3.5.3. Pengujian Hipotesis

Pengujian hipotesis dalam penelitian ini menggunakan metode regresi linier berganda, uji signifikansi parameter individual (uji statistik t), uji signifikansi simultan (uji statistik F) dan koefisien determinasi.

Uji statistik t digunakan untuk menunjukkan seberapa jauh pengaruh satu variabel independen secara individual dalam menerangkan variabel dependen.

Pengujian dilakukan dengan menggunakan significance level 0,05 (α=5%).

Penerimaan atau penolakan hipotesis dilakukan dengan kriteria sebagai berikut:

a). Jika nilai signifikan > 0,05 maka hipotesis ditolak (koefisien regresi tidak

signifikan). Ini berarti bahwa secara parsial variabel independen tersebut tidak mempunyai pengaruh yang signifikan terhadap variabel dependen.

b). Jika nilai signifikan ≤ 0,05 maka hipotesis diterima (koefisien regresi

signifikan). Ini berarti bahwa secara parsial variabel independen tersebut mempunyai pengaruh yang signifikan terhadap variabel dependen.

Uji statistik F digunakan untuk menunjukkan apakah semua variabel bebas yang dimaksudkan dalam model mempunyai pengaruh secara simultan terhadap

variabel dependen. Pengujian dilakukan dengan menggunakan significance level

0,05 (α=5%). Ketentuan penerimaan atau penolakan hipotesis adalah sebagai

berikut:

a). Jika nilai signifikan > 0,05 maka hipotesis diterima (koefisien regresi

signifikan). Ini berarti bahwa secara simultan kelima variabel independen tersebut mempunyai pengaruh yang signifikan terhadap variabel dependen.

b). Jika nilai signifikan < 0,05 maka hipotesis ditolak (tidak signifikan). Ini berarti bahwa secara simultan kelima variabel independen tersebut tidak mempunyai pengaruh yang signifikan terhadap variabel dependen.

Koefisien determinasi (R2) pada intinya mengukur seberapa jauh

kemampuan model dalam menerangkan variasi variabel dependen. Nilai koefisien

determinasi berada di antara nol dan 1. Nilai R2 yang kecil berarti kemampuan

variabel-variabel independen dalam menjelaskan variabel dependen amat terbatas. Nilai yang mendekati satu berarti variabel-variabel independen memberikan hampir semua informasi yang dibutuhkan untuk memprediksi variabel dependen.
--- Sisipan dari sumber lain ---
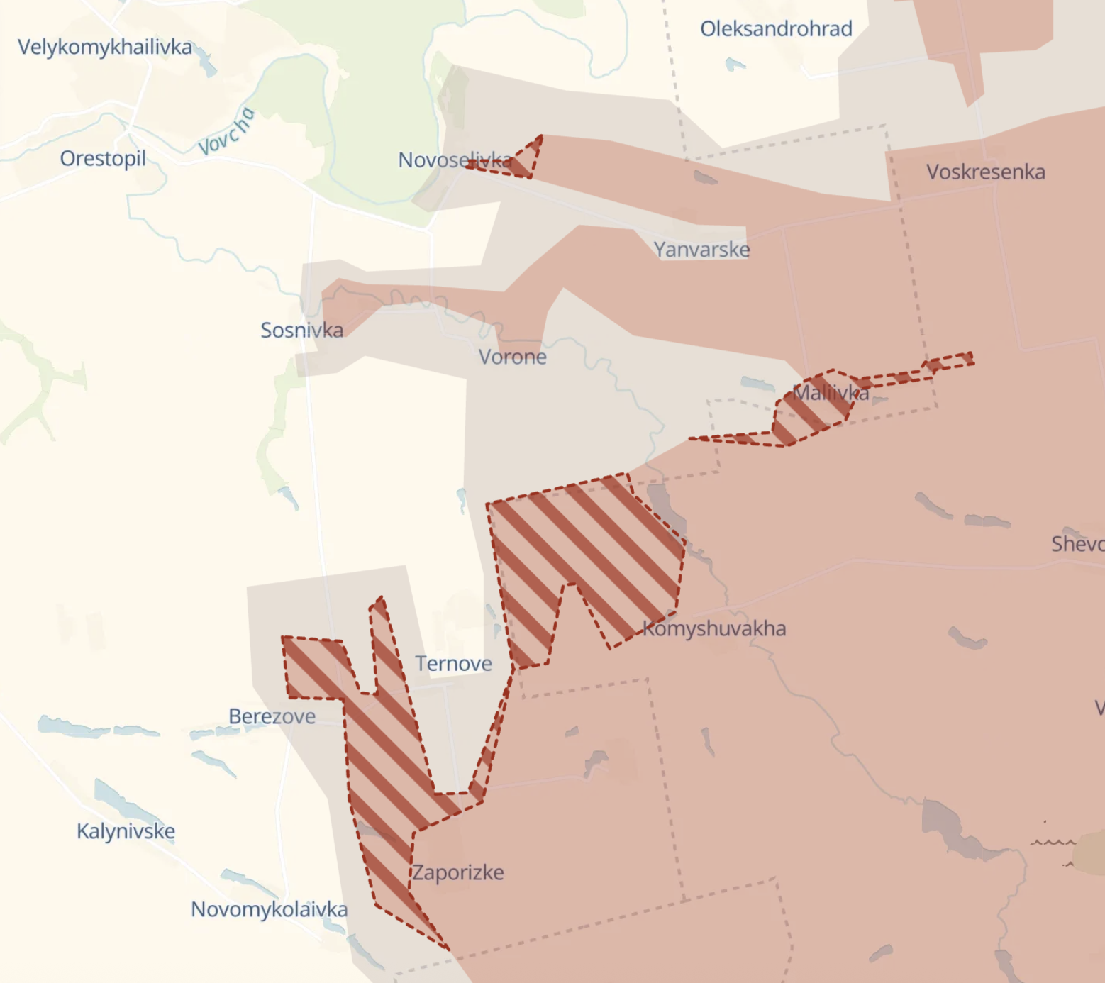 Армія РФ продовжує наступ у Дніпропетровській області, просуваючись відразу на чотирьох дільницях, повідомляє Deep State. Зокрема, росіяни зайшли до Новоселівки, Березового, майже захопили Маліївку та оточили Тернове.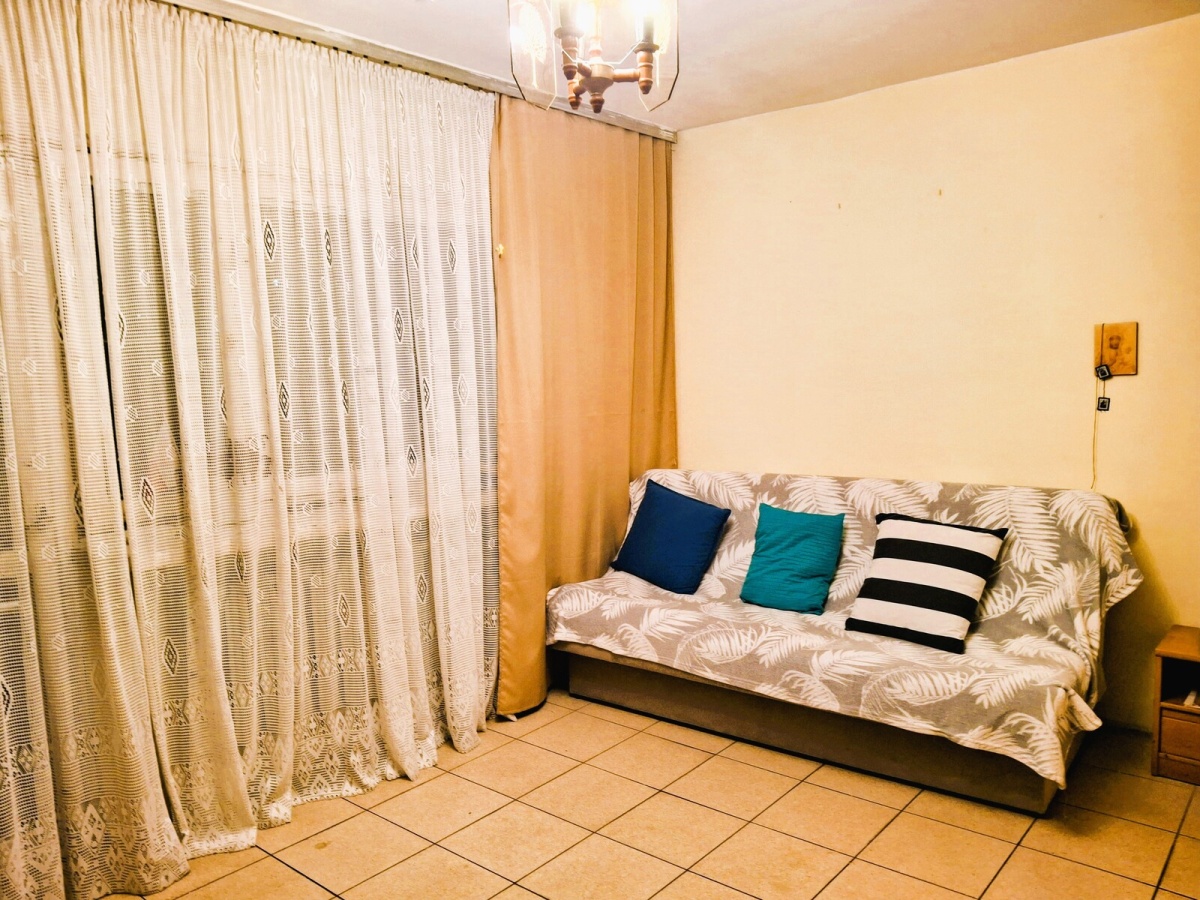 Mieszkanie ma pow. 37 m2 na co składa się duży pokój ( ok. 22 m2 ) z wnęką i wyjściem na całkiem duży balkon z zadaszeniem i odgrodzony od sąsiedniego balkonu.

Data dalam penelitian ini akan diolah dengan menggunakan program

Statistical Package for Social Sciences (SPSS) 10.0. Hipotesis dalam penelitian ini dipengaruhi oleh nilai signifikansi koefisien variabel yang bersangkutan

setelah dilakukan pengujian. Kesimpulan hipotesis dilakukan berdasarkan t-test

dan F-test untuk menguji signifikansi variabel-variabel independen terhadap variabel dependen.